▶ Source data

*** Begin section ***

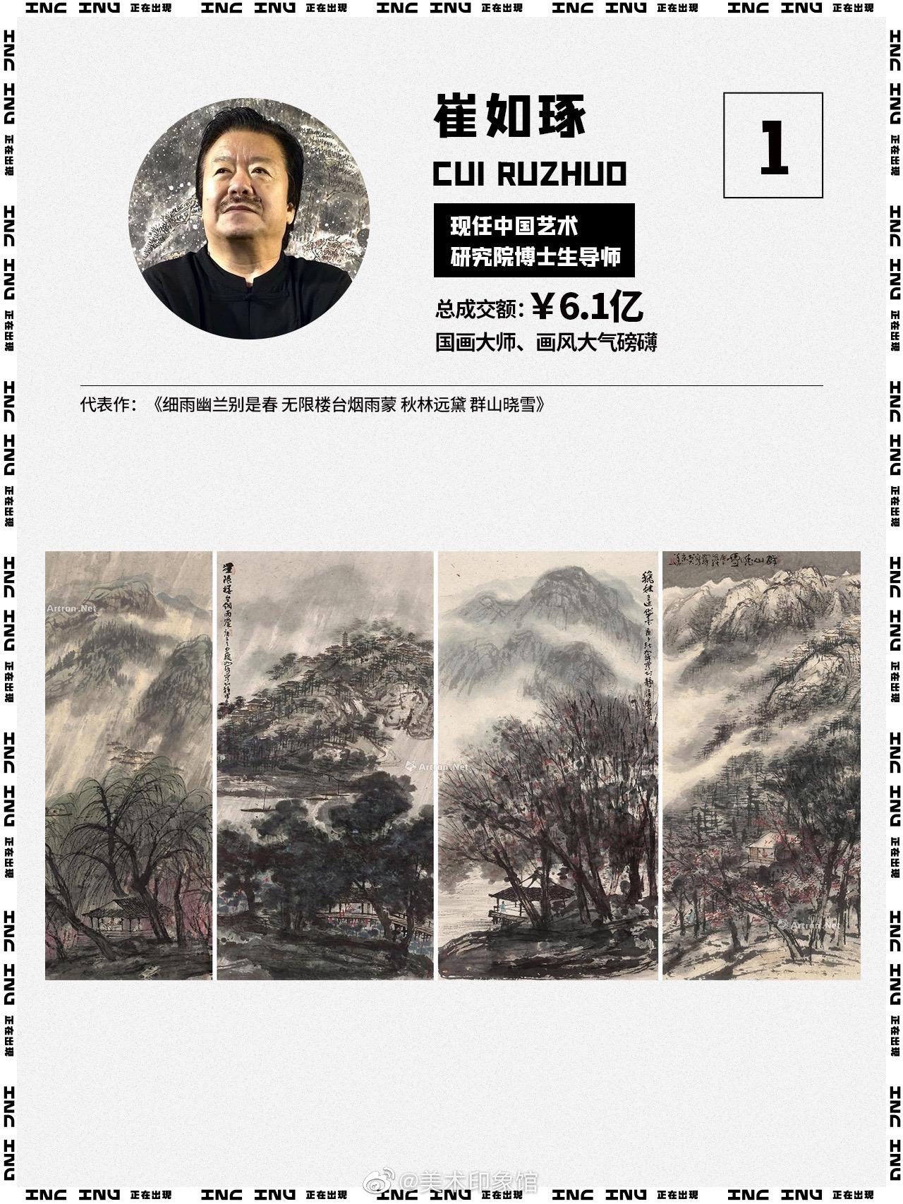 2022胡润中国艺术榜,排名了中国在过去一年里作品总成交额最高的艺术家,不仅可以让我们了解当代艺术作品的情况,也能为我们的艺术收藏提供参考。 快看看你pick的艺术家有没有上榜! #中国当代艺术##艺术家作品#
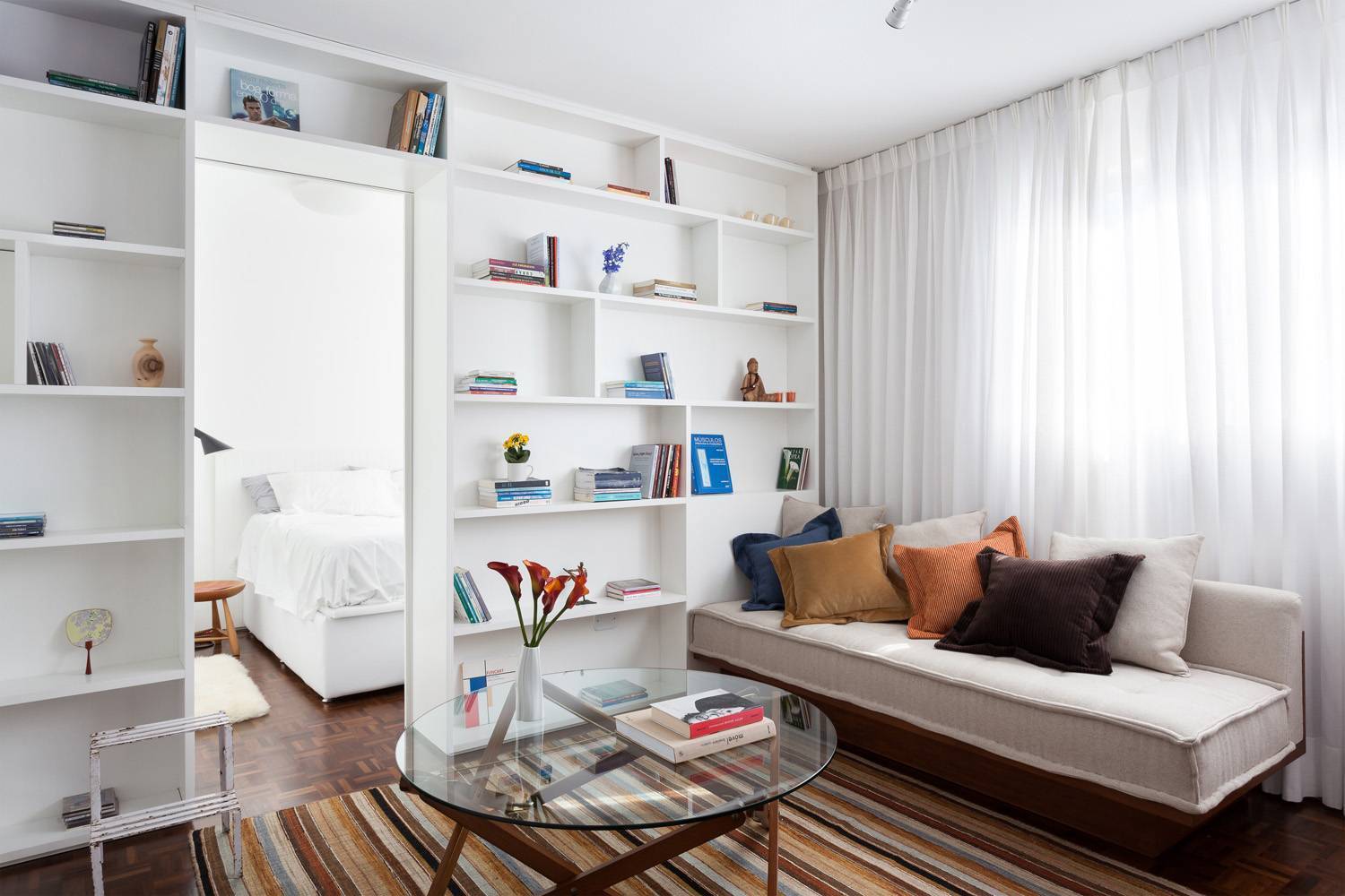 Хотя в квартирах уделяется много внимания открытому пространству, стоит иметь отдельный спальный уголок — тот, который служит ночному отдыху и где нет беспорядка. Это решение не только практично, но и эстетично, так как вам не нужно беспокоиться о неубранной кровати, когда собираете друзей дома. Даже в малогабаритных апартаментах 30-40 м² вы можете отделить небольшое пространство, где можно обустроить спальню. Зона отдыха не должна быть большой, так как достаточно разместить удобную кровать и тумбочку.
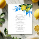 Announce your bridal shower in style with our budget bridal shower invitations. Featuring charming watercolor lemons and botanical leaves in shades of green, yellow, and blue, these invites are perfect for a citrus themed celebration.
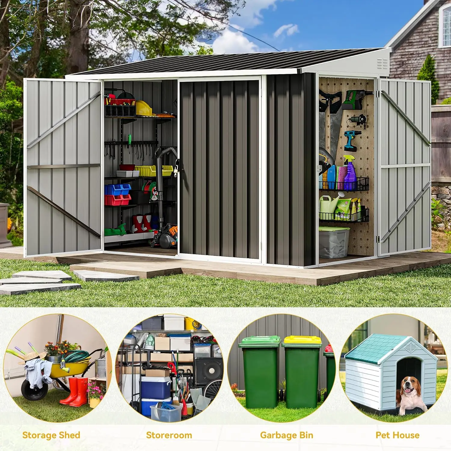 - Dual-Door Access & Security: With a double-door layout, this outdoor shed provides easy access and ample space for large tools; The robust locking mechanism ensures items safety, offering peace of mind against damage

*** End section ***

▶ Exercise directions
Leave out the pictures and give the listing above again exactly.

▶ The answer
 2022胡润中国艺术榜,排名了中国在过去一年里作品总成交额最高的艺术家,不仅可以让我们了解当代艺术作品的情况,也能为我们的艺术收藏提供参考。 快看看你pick的艺术家有没有上榜! #中国当代艺术##艺术家作品#
 Хотя в квартирах уделяется много внимания открытому пространству, стоит иметь отдельный спальный уголок — тот, который служит ночному отдыху и где нет беспорядка. Это решение не только практично, но и эстетично, так как вам не нужно беспокоиться о неубранной кровати, когда собираете друзей дома. Даже в малогабаритных апартаментах 30-40 м² вы можете отделить небольшое пространство, где можно обустроить спальню. Зона отдыха не должна быть большой, так как достаточно разместить удобную кровать и тумбочку.
 Announce your bridal shower in style with our budget bridal shower invitations. Featuring charming watercolor lemons and botanical leaves in shades of green, yellow, and blue, these invites are perfect for a citrus themed celebration.
 - Dual-Door Access & Security: With a double-door layout, this outdoor shed provides easy access and ample space for large tools; The robust locking mechanism ensures items safety, offering peace of mind against damage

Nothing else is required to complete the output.